There are bascially 2 types of pdf-to-html converters:
One is roughly a pdf-to-text converter with a few pre-defined formats in HTML.
The other is render-everything-as-images converter, which loses all text and generated huge files.


But pdf2htmlEX takes advatanges of both, retaining both Text and Styling.
Features:
1.Extract and embed fonts from PDF
2.Optimizing for web while making sure render is precise
3.Non-text objects are rendered as images.
4.Single-file output mode -- I know you hate spearated font/image files


To compile & install
grab a recent poppler (>=0.20.3), make sure '--enable-xpdf-headers' is used for configure
grab the latest git version of fontforge https://github.com/fontforge/fontforge, because I submitted a few features/bugs for pdf2htmlEX
the boost c++ library. (See detailed depended components in the project home page)
cmake
GCC that supports c++11

Any suggestion, fork/star-at-gihub, bug-report is appreciated.

Last edited by coolwanglu (2012-09-16 14:41:29)

Offline

#2 2012-08-31 19:50:17

avx
Member
Registered: 2011-07-05
Posts: 71

Re: [0916] Introducing pdf2htmlEX: converts PDF to HTML w/o losing fmt

I must admit, this is pretty impressive to me, could be a good starting point to get saner pdf->epub.

I know PDF is a pita to handle and parse, but here are some feature wishes:
a) automaticly create working links for any valid URL and mail addresses
b) trying to find table of contents and link it
c) link objects/images to open in a new window/tab, so I can look at them and read the surrounding text more easily.

Will try it over the weekend and give feedback, thanks for far, much appreciated.

Offline

#3 2012-08-31 20:12:25

ewaller
Administrator
From: Pasadena, CA
Registered: 2009-07-13
Posts: 19,739

Re: [0916] Introducing pdf2htmlEX: converts PDF to HTML w/o losing fmt

coolwanglu,
Welcome to the Arch Forums.  Very nice application you have put together there.

Generally, we reserve these forums for Arch support.  That you are using Ubuntu does not violate our rules as you are not asking for support and are not about to create confusion amongst Arch users.

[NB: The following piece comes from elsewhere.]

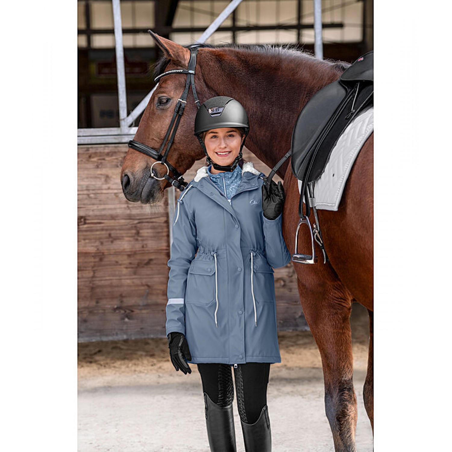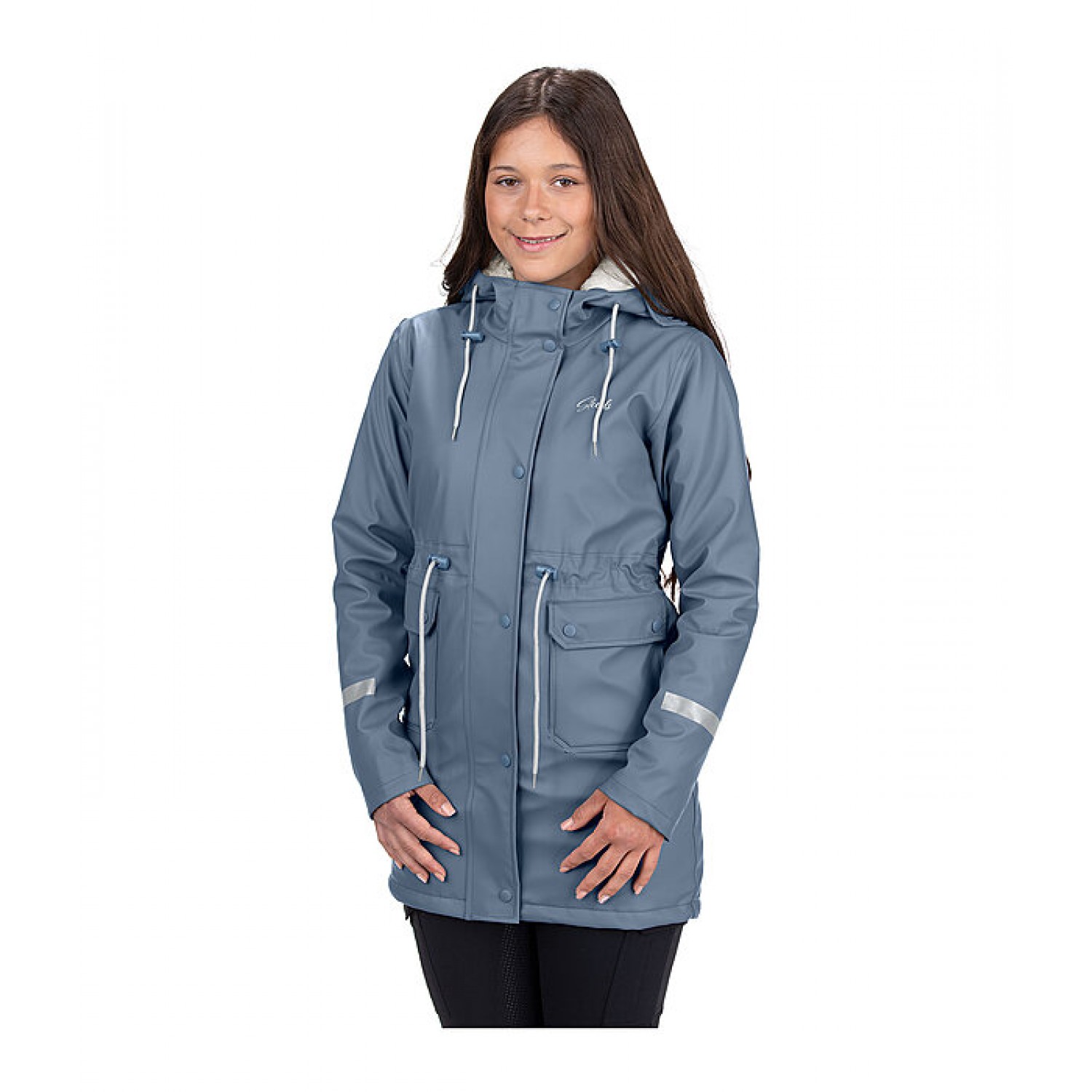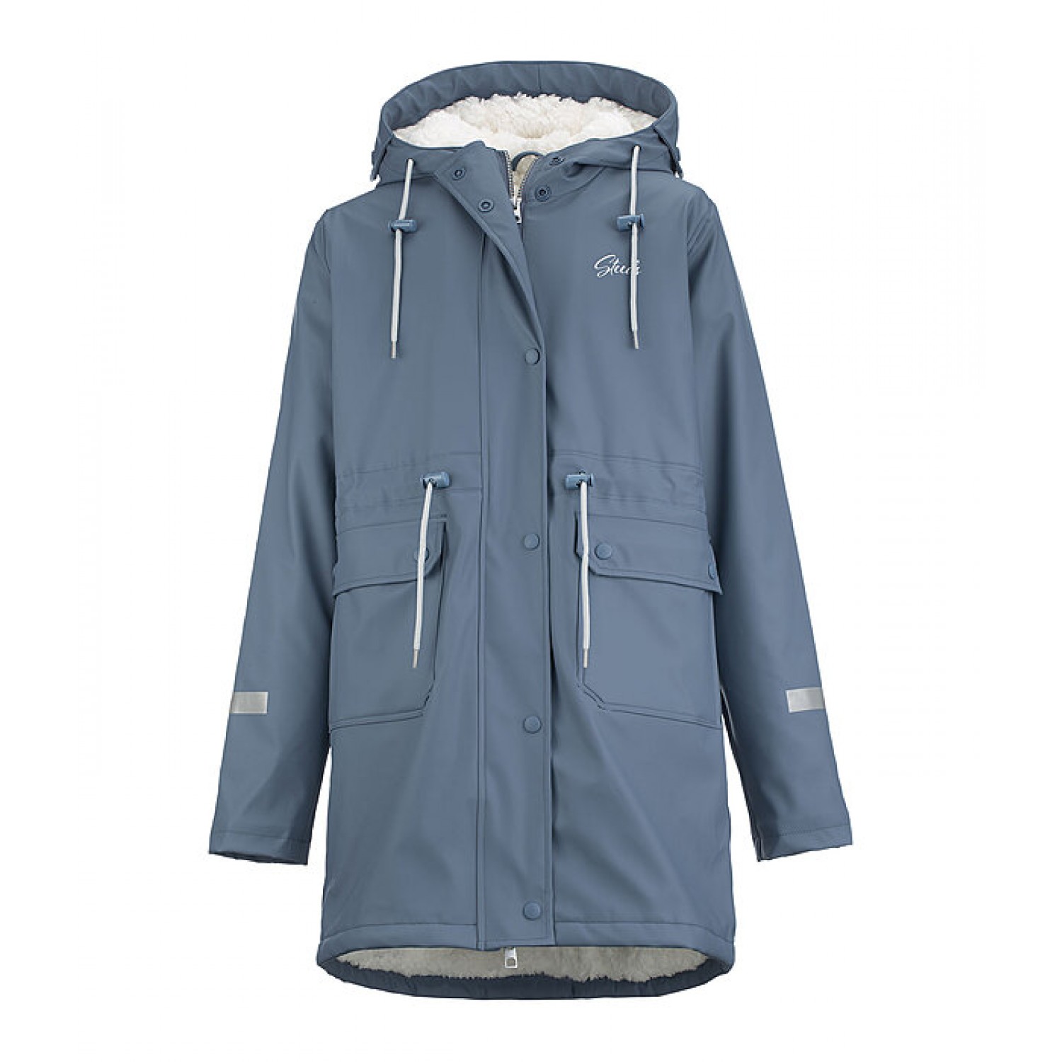 Мягкая и тёплая детская зимняя куртка-дождевик с подкладкой из плюшевого флиса. Большой регулируемый капюшон, который можно удлинить в сильный дождь. Водонепроницаемая и ветрозащитная. Потайная двусторонняя молния спереди, два кармана с клапанами на кнопках спереди, регулируемая талия, шлица для верховой езды на кнопках сзади и светоотражающий принт на рукаве. На рукаве и капюшоне изображены принты STEEDS. 100% полиуретан, подкладка из плюшевого флиса, 100% полиэстер.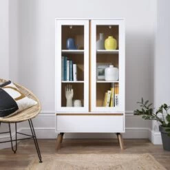 Otto Display Cabinet Dresser In Solid White And Natural Pine

We do, however, strongly encourage users to use our build system so that Pacman (our package manager) can keep abreast of the system files that are installed.  I see you asked if anyone would like to help package this for Arch.  We have a subforum for just that purpose; I am wondering if this thread should perhaps be moved to that subforum.

a) What are your thoughts on the move.
b) Why not make the move to Arch? wink


Nothing is too wonderful to be true, if it be consistent with the laws of nature -- Michael Faraday
Sometimes it is the people no one can imagine anything of who do the things no one can imagine. -- Alan Turing
---
How to Ask Questions the Smart Way

Offline

#4 2012-09-01 11:48:46

roentgen
Member
Registered: 2011-03-15
Posts: 91

Re: [0916] Introducing pdf2htmlEX: converts PDF to HTML w/o losing fmt

Hi.
I've made an initial AUR package.

While it's functional as it is with the stable fontforge from extra the html rendering is a bit odd in my tests. I plan later to check on fontforge-git.

Thanks for the cool program. Just the other day I was looking for something like that and couldn't find anything functional.

Edit: with fontforge-git everything looks beautiful wink

Last edited by roentgen (2012-09-01 12:09:09)

Offline

#5 2012-09-01 12:01:06

coolwanglu
Member
Registered: 2012-08-31
Posts: 11

Re: [0916] Introducing pdf2htmlEX: converts PDF to HTML w/o losing fmt

avx wrote:

I must admit, this is pretty impressive to me, could be a good starting point to get saner pdf->epub.

I know PDF is a pita to handle and parse, but here are some feature wishes:
a) automaticly create working links for any valid URL and mail addresses
b) trying to find table of contents and link it
c) link objects/images to open in a new window/tab, so I can look at them and read the surrounding text more easily.

Will try it over the weekend and give feedback, thanks for far, much appreciated.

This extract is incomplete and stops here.